A USDA report pegs the total cost of raising a child at $233,610, or $284,570 if you factor in future inflation. That includes only the basics however, and excludes costs like helping with college education, birthday parties, and holiday gifts.

Include those, and you’re looking at $745,634, according to a report by NerdWallet — a jarring amount, no matter how much you earn.

Most of us know that kids come with extra costs like clothing, food, and possibly college tuition. But what about the hidden costs of raising a child? Kids require more than food and clothes, and often the less obvious costs get lost in estimates of just how much children cost to rear.

As you consider having children or plan your finances for an existing family, keep the following costs in mind. Just remember that although these expenses are common, they’re not written in stone, and you do ultimately control how much your own children cost you.

Hidden Costs of Raising a Child

Many parents, particularly mothers, take a career break to raise young children in their first years and often up to school age. It’s not like pressing the pause button and resuming play where you left it. Taking an extended break comes with significant costs, some less obvious than others.

1. Lost Income

On the obvious side, you lose out on the income from those years spent outside the workforce.

Imagine a family where both partners work, and upon having their first child, the mother decides to take a career break. They have a second child three years later, and the mom decides to stay at home until the youngest starts kindergarten at age 5.

That’s eight years of lost income. At a median full-time salary of $52,312 calculated by BLS, that comes to $419,496 in lost wages, not including wage growth over the next eight years.

This says nothing of lost retirement benefits, such as 401(k) matching, or lost returns on your own contributions to investments you could have made with that extra income. Compounded over the next 30 years, those lost returns can amount to millions of dollars.

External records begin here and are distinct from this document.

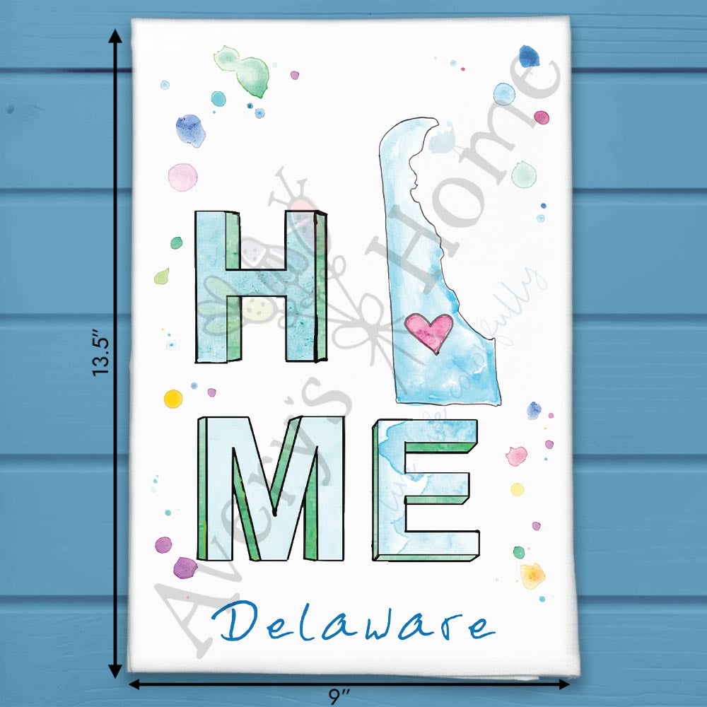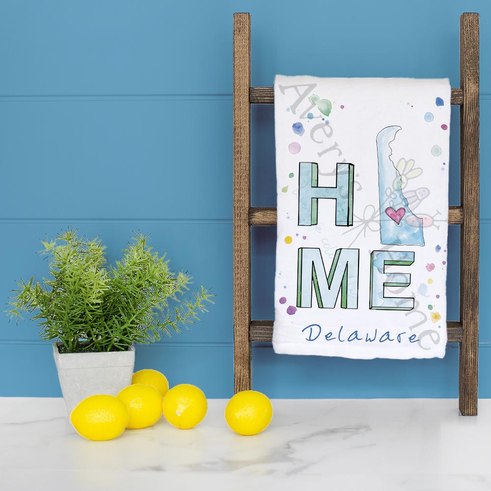 HOME in Delaware Tea Towel – Cozy Coastal Charm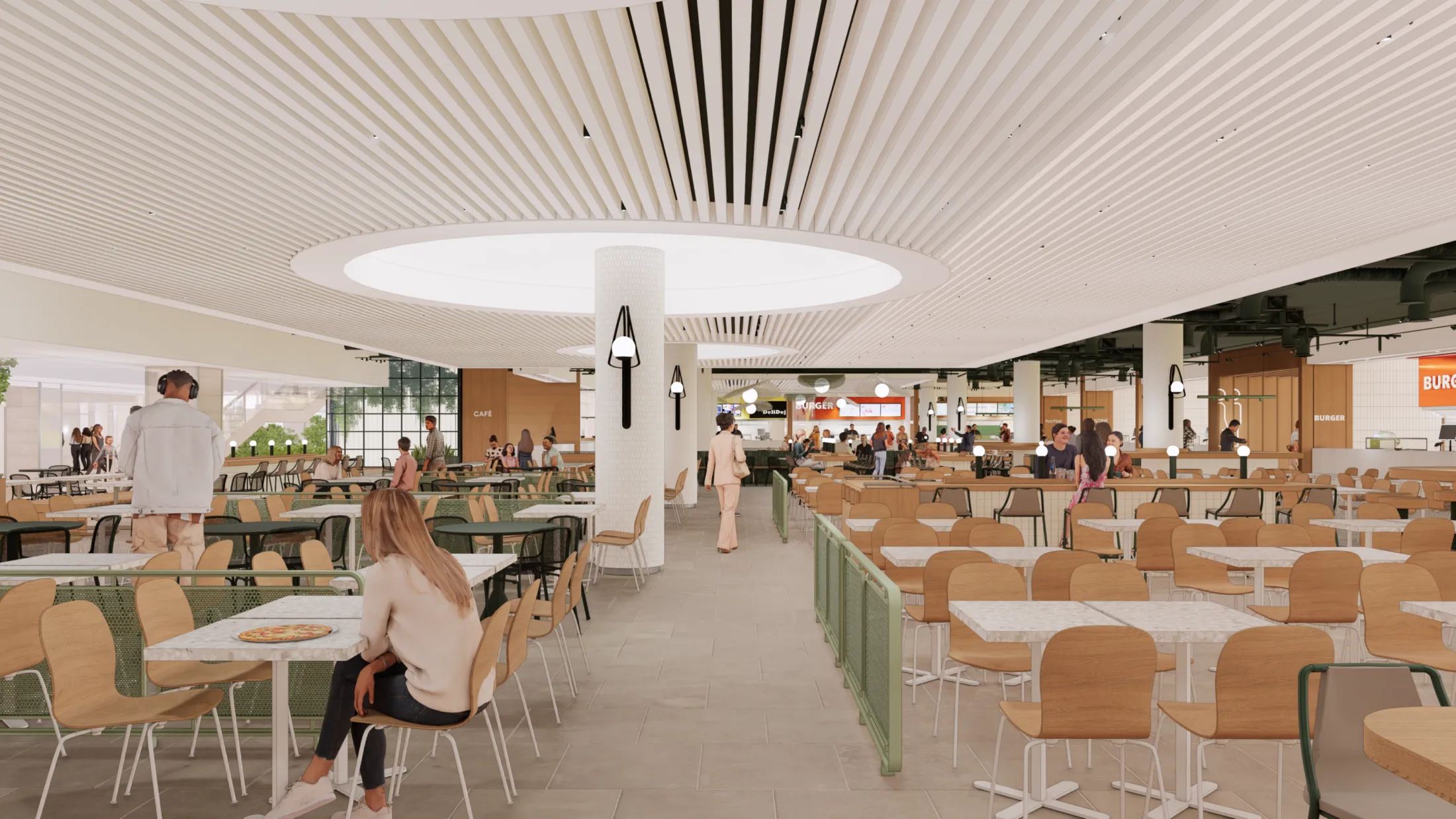 “We wanted to create a lively and welcoming place, both an urban oasis and a vibrant gathering space, where light and greenery complement the energy of Centre Eaton de Montréal and the downtown core. This convivial atmosphere nods to the former Terrasses while reinterpreting them in a contemporary experience,” says Anne Marie Bouliane, Associate Architect.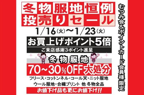 あさって1月16日(火)より、 冬物服地恒例投売りセールを開催いたします 1月16日(火)〜23日(火)の期間中お買い上げポイント5倍❗️ LINEお友だちにはご来店感謝3ポイントプレゼント✨ (レジにてお友だち登録画面(またはトーク画面)ご提示くだ…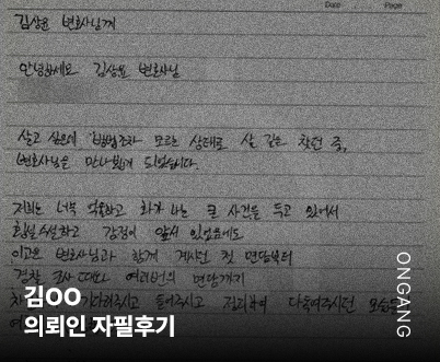 억울한 사연에 귀 기울여 주시고 변호에 힘써주시는 변호사님들의 노고에 진심으로 존경을 담아 이 편지를 드립니다.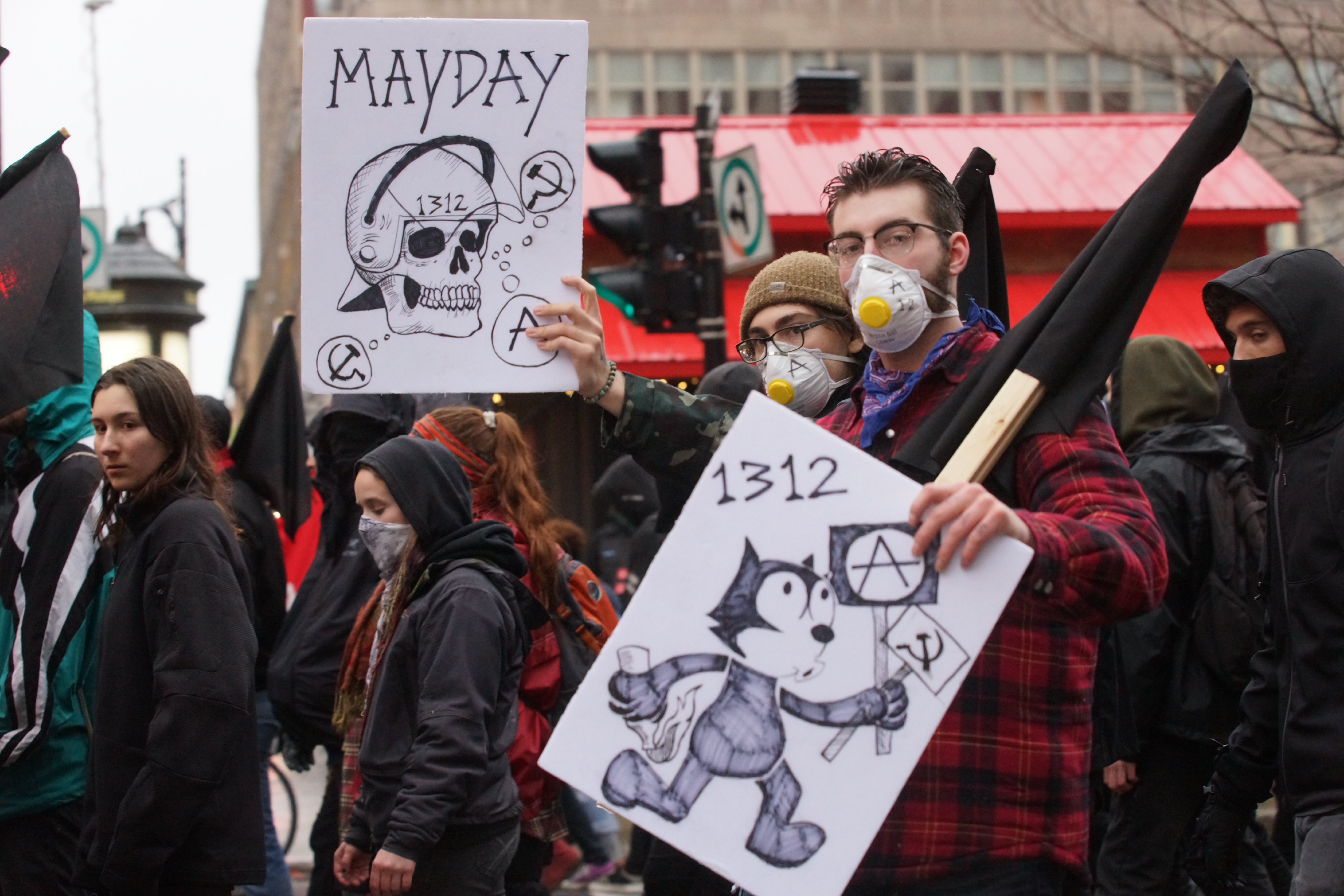 L’autre marche qui partait du square Phillips, dans le centre-ville de Montréal, s’est avérée plus mouvementée. Environ 200 personnes ont participé à la manifestation qui se voulait «anticapitaliste».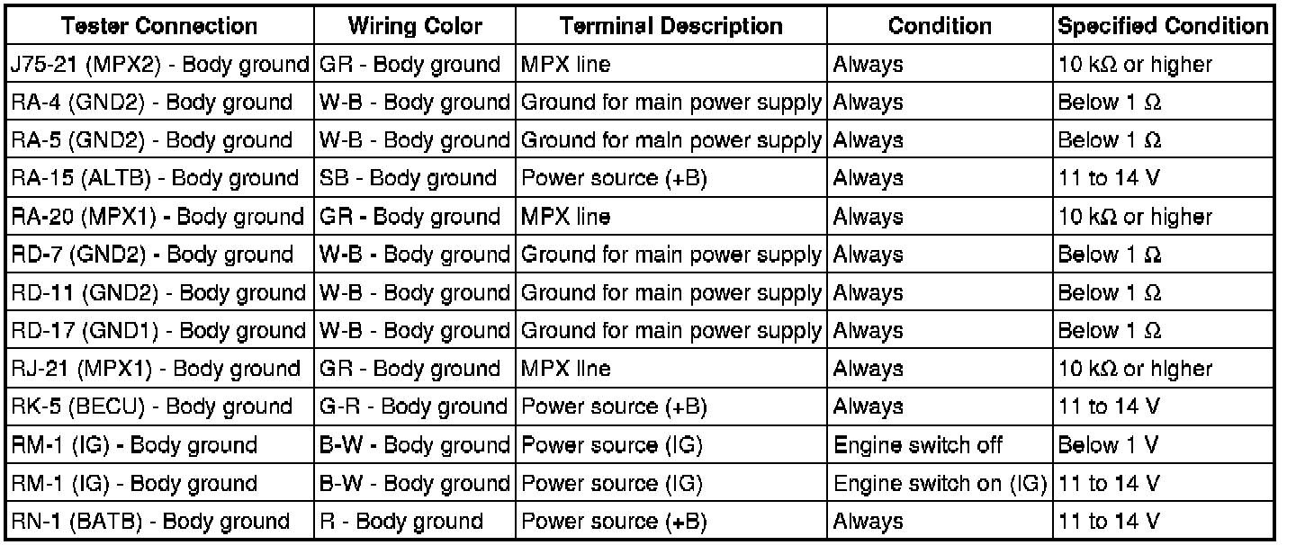 3. CHECK MAIN BODY ECU RH (COWL SIDE JUNCTION BLOCK RH)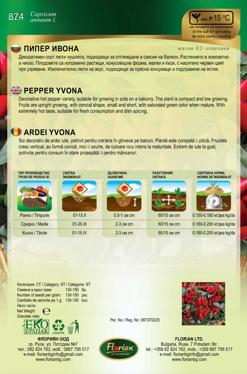 Dekoratív csípős paprika Ivona dekoratív csípős paprika magvak törpe növény cserépbe, Flórián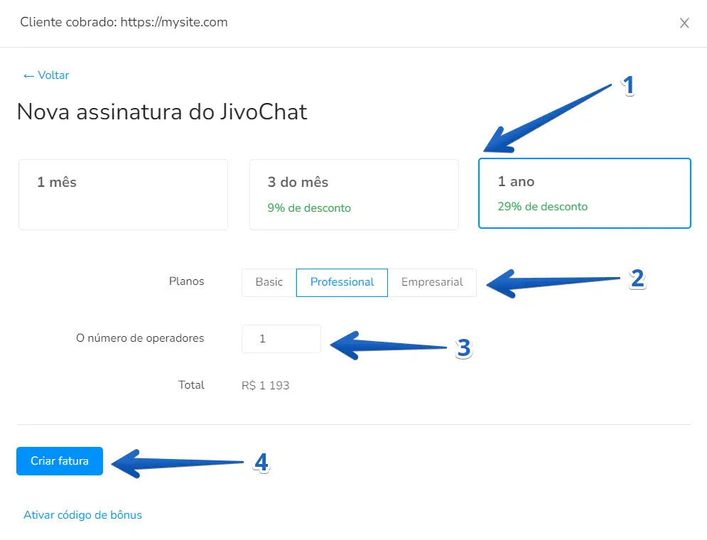 3º Passo: Gerar uma fatura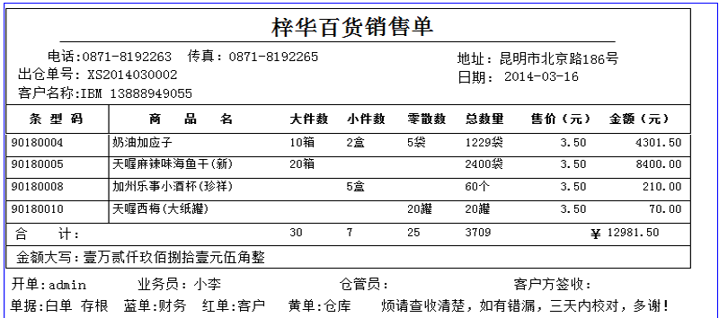 琦順達(dá)送貨單打印軟件具有數(shù)據(jù)自動(dòng)記憶功能:您開(kāi)過(guò)的送貨單不在需要重復(fù)錄入,您開(kāi)過(guò)單的的客戶(hù)信息自動(dòng)保留到客戶(hù)資料庫(kù)中,您給任何一個(gè)客戶(hù)的產(chǎn)品售價(jià)自動(dòng)記錄并在當(dāng)次開(kāi)單時(shí)自動(dòng)提示、同一張送貨單,可打印為簡(jiǎn)體,也可以打印為繁體等等,能夠做到了您所想不到的細(xì)致功能。送貨單號(hào)由系統(tǒng)自動(dòng)生成(可按年+月+日+流水號(hào)等多種格式生成送貨單號(hào)),充分利用強(qiáng)大的數(shù)據(jù)庫(kù)功能給工作帶來(lái)的便利,真正的方便實(shí)用。系統(tǒng)內(nèi)置強(qiáng)大的權(quán)限管理功能,真真正正的讓您從此告別手工抄寫(xiě)送貨單和使用EXCEL做月結(jié)的煩惱,打印出整齊漂亮的送貨單,同時(shí)還能即時(shí)管理商品庫(kù)存存貨和客戶(hù)欠款。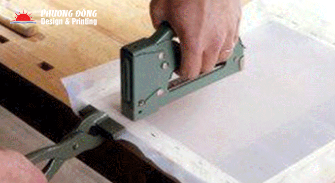 Chuẩn bị bản in: chuẩn bị khung gỗ hoặc nhôm đã đóng lưới, rửa và phơi khô sạch sẽ.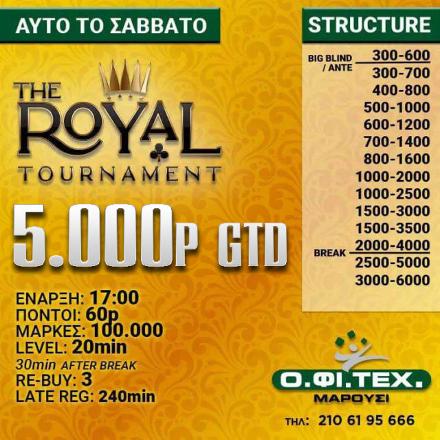 To Σάββατο τα “φώτα” πέφτουν στο special Royal με 5.000p gtd, ενώ αυτή τη Δευτέρα η αίθουσα του Αμαρουσίου θα έχει το… προνόμιο να φιλοξενήσει και το πρώτο satellite της Go for Gold Series!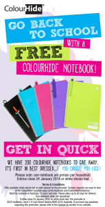The Free Sample Deal Says: Go back to school with a FREE ColourHide Notebook. Get in quick, we have 200 to give away and it’s first in best dressed! CLICK HERE

2. Lost Career Momentum & Potential

Beyond the lost years of income, becoming a stay-at-home parent can stunt your career potential.

By the time you’re ready to reenter the workforce, you’ve fallen vastly behind your colleagues who have had many years to climb the corporate ladder. They’ve been advancing and winning promotions, while you’d be lucky to reenter your industry at the same level where you left.

The opportunity cost doesn’t end there, either. In today’s world of disruption and fast-paced change, eight years of falling out of touch with industry trends, best practices, and technological innovations puts you at a deep disadvantage compared to people still in the workforce and up to speed.

The bottom line: parents who take a break of several years from their career may reenter the workforce at a lower level than they left, and advance less over the remainder of their career. While there’s surprisingly little research on this effect, one study by Adzuna found that Brits who took a five-year career break took an average annual salary loss of £9,660 (about $12,500).

3. Less Time for Side Hustles

Even among parents who don’t take a career break, they simply don’t have the same free time to build extra income through a side hustle.

Historically, I spent much of my Saturdays working on either my business or writing. When my daughter was born, that came to an abrupt end, first because I was so sleep-deprived and later because my wife wouldn’t hear of it.

My father told me growing up that the 40-hour workweek was a baseline for survival, and it’s what you do outside those hours that determines your success, particularly in your 20s and 30s.

Although I believe in creating passive income streams and pursuing financial independence, you need to save a lot of money in the beginning to build momentum. That comes from a high savings rate and a high income, which often requires side gigs.

It’s not so easy to run a business on the side of your full-time job when you have young children.

4. Higher Housing Costs

A family of two can share a one-bedroom apartment. A family of three, four, or five? Not so comfortably.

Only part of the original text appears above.